[Saved entries]
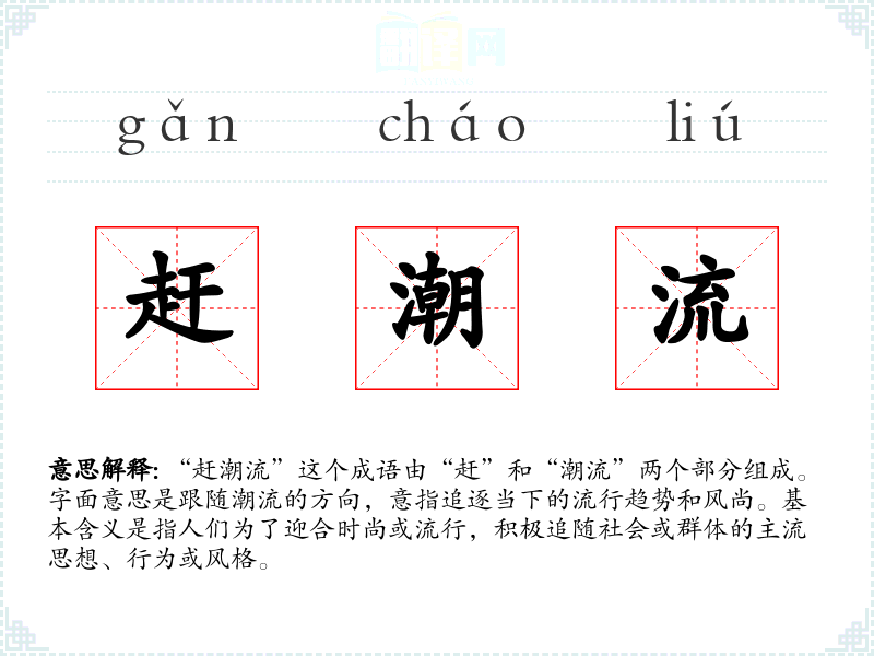 “赶潮流”这个成语由“赶”和“潮流”两个部分组成。字面意思是跟随潮流的方向,意指追逐当下的流行趋势和风尚。基本含义是指人们为了迎合时尚或流行,积极追随社会或群体的主流思想、行为或风格。
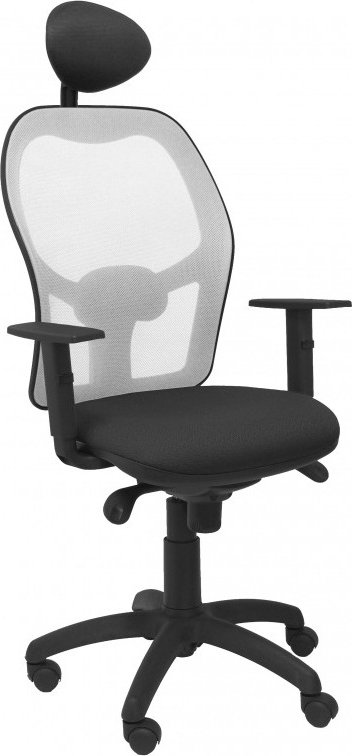 PIQUERAS Y CRESPO Modelo Jorquera - Silla de oficina ergonómica con mecanismo sincro, brazos regulables y ajustable en altura Respaldo de malla transpirable en color gris y asiento tapizados en tejido BALI color negro (CON CABECERO) 15SGRBALI840C
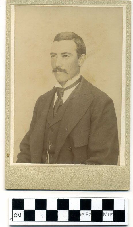 Black and white image mounted to a tan textured mount with thin embossed white border. Portrait profile image of a man with a moustache wearing a three-piece suit with high winged collar and dark necktie. reverse side has pencil and ink text: "Mike Raupp; Frank Raupp uncle."Dimensions
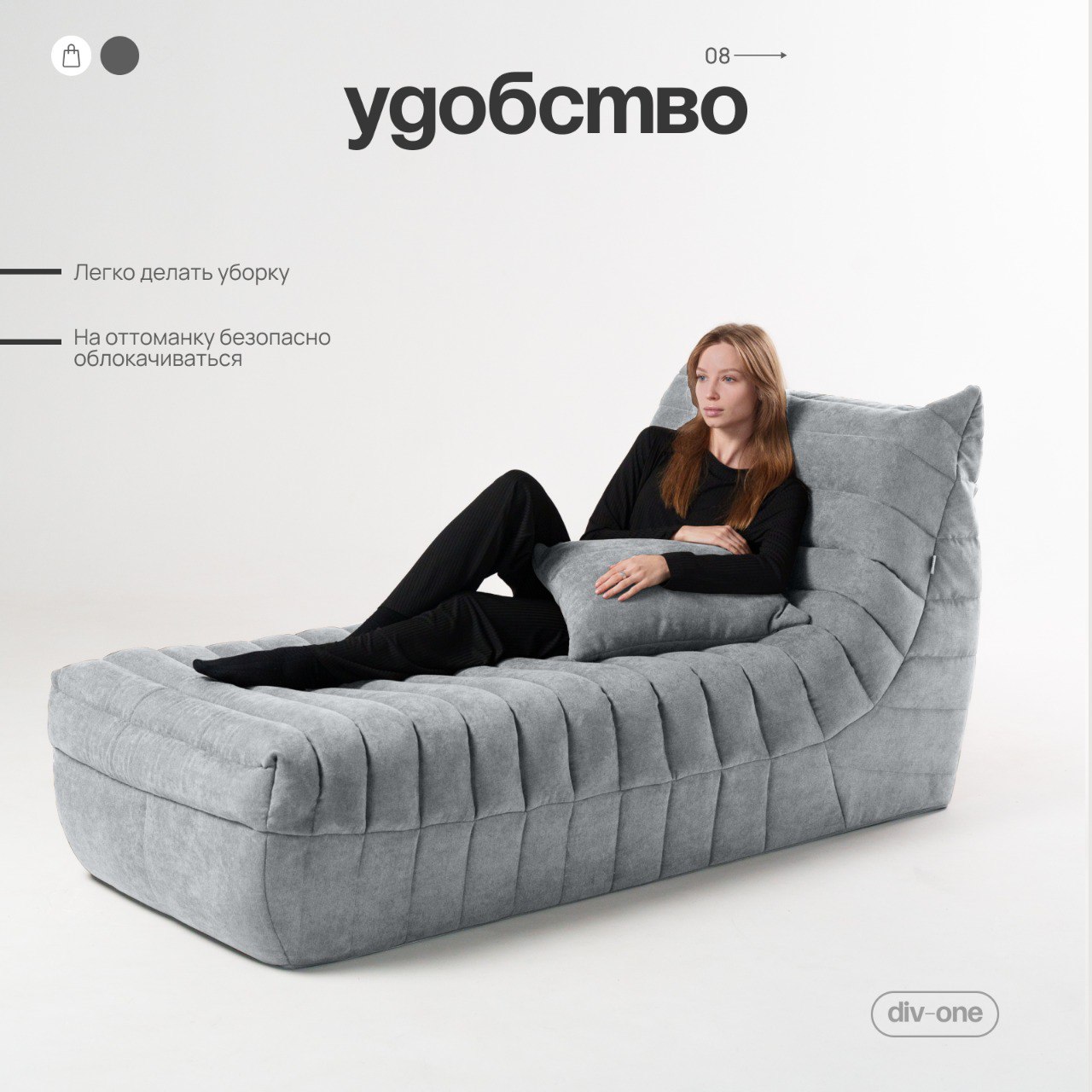 Бескаркасный диван Говард с оттоманкой — это универсальный предмет мебели, который подойдет для любой комнаты. Он отлично впишется в интерьер спальни, гостиной, детской или даже кухни.
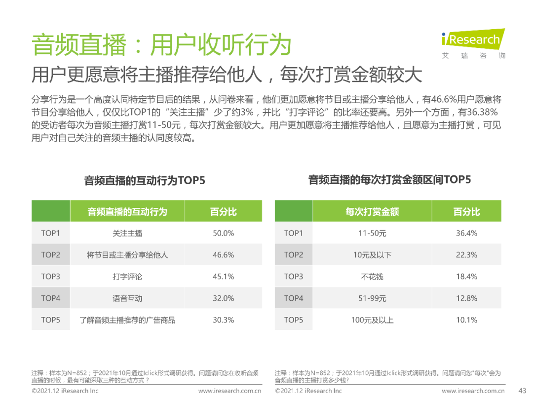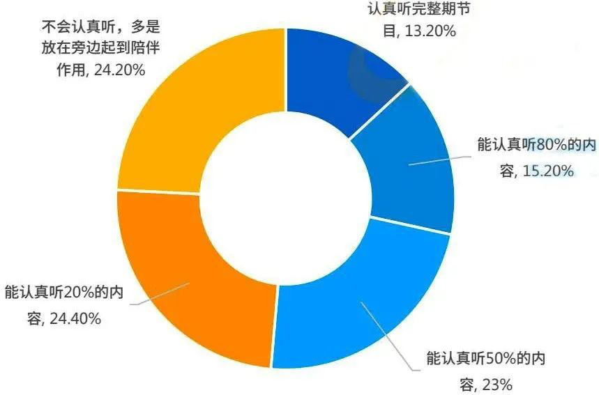 相比较于其他内容产品,音频内容的陪伴属性强,同时在平台推荐和用户自主收听的组合基础上,用户获得更适合自身内容的概率高。51.4%的用户表示在收听一档音频节目时,可以认真收听50%以上的内容。认真听完80%以上内容的用户合计占比28.4%,在音频内容时长相对较长的背景下,这一系列数据说明了大部分用户对音频内容质量的认可。目前还仅有很少部分在线用户接触过品牌定制音频节目,表明这一市场处在蓝海阶段,拥有较大的发展潜力,值得更多品牌关注。

What the exercise asks =>
In your copy, every entry above must match word for word, and no picture may appear.

Answer to this exercise =>
 “赶潮流”这个成语由“赶”和“潮流”两个部分组成。字面意思是跟随潮流的方向,意指追逐当下的流行趋势和风尚。基本含义是指人们为了迎合时尚或流行,积极追随社会或群体的主流思想、行为或风格。
 PIQUERAS Y CRESPO Modelo Jorquera - Silla de oficina ergonómica con mecanismo sincro, brazos regulables y ajustable en altura Respaldo de malla transpirable en color gris y asiento tapizados en tejido BALI color negro (CON CABECERO) 15SGRBALI840C
 Black and white image mounted to a tan textured mount with thin embossed white border. Portrait profile image of a man with a moustache wearing a three-piece suit with high winged collar and dark necktie. reverse side has pencil and ink text: "Mike Raupp; Frank Raupp uncle."Dimensions
 Бескаркасный диван Говард с оттоманкой — это универсальный предмет мебели, который подойдет для любой комнаты. Он отлично впишется в интерьер спальни, гостиной, детской или даже кухни.
 相比较于其他内容产品,音频内容的陪伴属性强,同时在平台推荐和用户自主收听的组合基础上,用户获得更适合自身内容的概率高。51.4%的用户表示在收听一档音频节目时,可以认真收听50%以上的内容。认真听完80%以上内容的用户合计占比28.4%,在音频内容时长相对较长的背景下,这一系列数据说明了大部分用户对音频内容质量的认可。目前还仅有很少部分在线用户接触过品牌定制音频节目,表明这一市场处在蓝海阶段,拥有较大的发展潜力,值得更多品牌关注。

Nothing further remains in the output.